We now need to compare this to how many fans we took with us to away matches over the season.
The thing you have to remember is that if every club lost an average of 200 away fans to iFollow over 23 games the average ticket price loss for the season assuming £20 tickets would be approx £77,000 after tax. The gain from iFollow would be approx 36,500 after tax so that would equate to a loss for the season of £40,500 per club. A total net loss of £972,000.
Using the same formula the EFL would actually make a net profit for the season after tax of £1,840,368 after tax for the season. That's 200 fans x 23 games x 24 clubs.
As I've said before the big winners in all of this are the EFL!!

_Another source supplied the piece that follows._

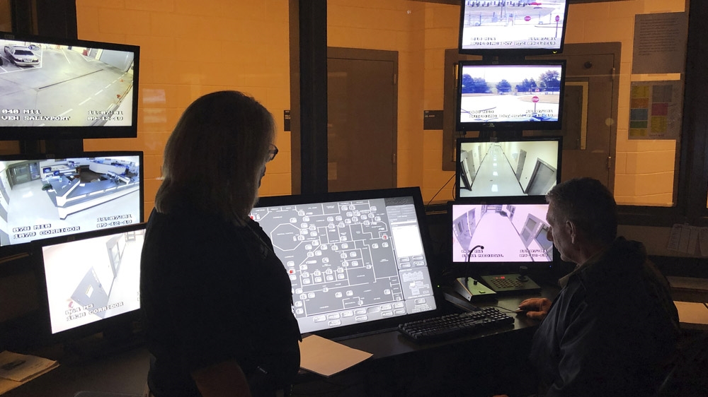 On a tour of the sprawling jail on a recent morning, the sheriff pointed out a central command system that allows staff to monitor inmates and remotely open their cells. Mangum also stopped at a videoconferencing system that lets inmates talk to family members from their cellblocks.

Last edited by ncfcog; 04-10-2018 at 05:00 PM. Reason: Missed a decimal point!
It was just a figure to explain how it would work out for everyone, halve it if you like, it doesn’t alter the fact that the EFL are selling their members down the river for their own financial gain! Imagine how those figures start to add up in L1 and the Championship!
I think at our level it is neither here nor there. There were 111 Crawley fans at the game on Tuesday. Can’t imagine they had many/any more at the game last January. I wonder how many paid to watch on iFollow - I would imagine the take-up rate would be very small. Maybe they should start publishing those “attendance” figures too.